The Trouble with Physics

The Trouble with Physics by Lee Smolin

We accept that science (unlike religion, say) is a rational, objective search for verifiable truth. It is not subject to orthodoxy

In this 2006 book, physicist/cosmologist Lee Smolin argues that this is no longer so.  It has become virtually impossible for researchers to get funding for novel research.  A small number of approaches (e.g. string theory) are the established  orthodoxy of modern physics and to stray outside these is to invite ridicule and exclusion.  This, despite the fact that these approaches are still at the speculative stage and not yet verified (indeed some are unlikely to be verifiable).
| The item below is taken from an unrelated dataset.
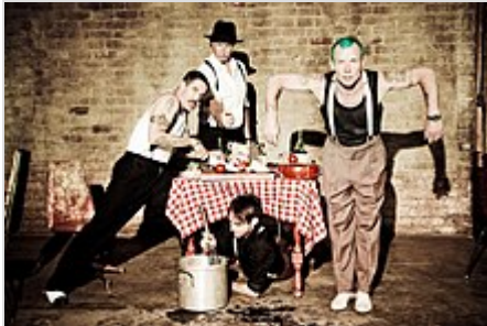
A 2012 promotional image of the Red Hot Chili Peppers

Red Hot Chili Peppers recorded their tenth album, I'm with You , between September 2010 and March 2011. They decided against releasing another double album, reducing the album to 14 tracks. [126] I'm with You was released in the US in August 2011. It topped the charts in 18 countries, and received mostly positive reviews. " The Adventures of Rain Dance Maggie ", became the band's 12th number-one single. [127][128] " Monarchy of Roses ", " Look Around " and " Did I Let You Know " (released only in Brazil), and " Brendan's Death Song " were also released as singles. [129]

Smolin makes the point that physics has not had a significant breakthrough in 30 years (and that was 12 years ago).  The true scientific approach has been subverted by a new brand of dominant and dogmatic high priests.

The book created something of a storm across the wider scientific community in many other branches of science where the same limitations have come to apply.

Smolin writes well and accessibly,  an interesting and thought-provoking read which cautions against assumptions that science is objective and free from orthodoxy

 

La Peste

Review: Rats, Lice and History by Hans Zinsser

Rating: 9/10

This book went into my list because I remember it so fondly.  Sadly, I can say little about its contents as it is quite some time since I read it.

Published in 1934, it can hardly be claimed that it is a thorough history of plague and pestilence. What can be said of it is that it has been continuously in print since 1934 and that must be a tribute to its quality.  If revisionism is another form of plague, then clearly this book has survived it.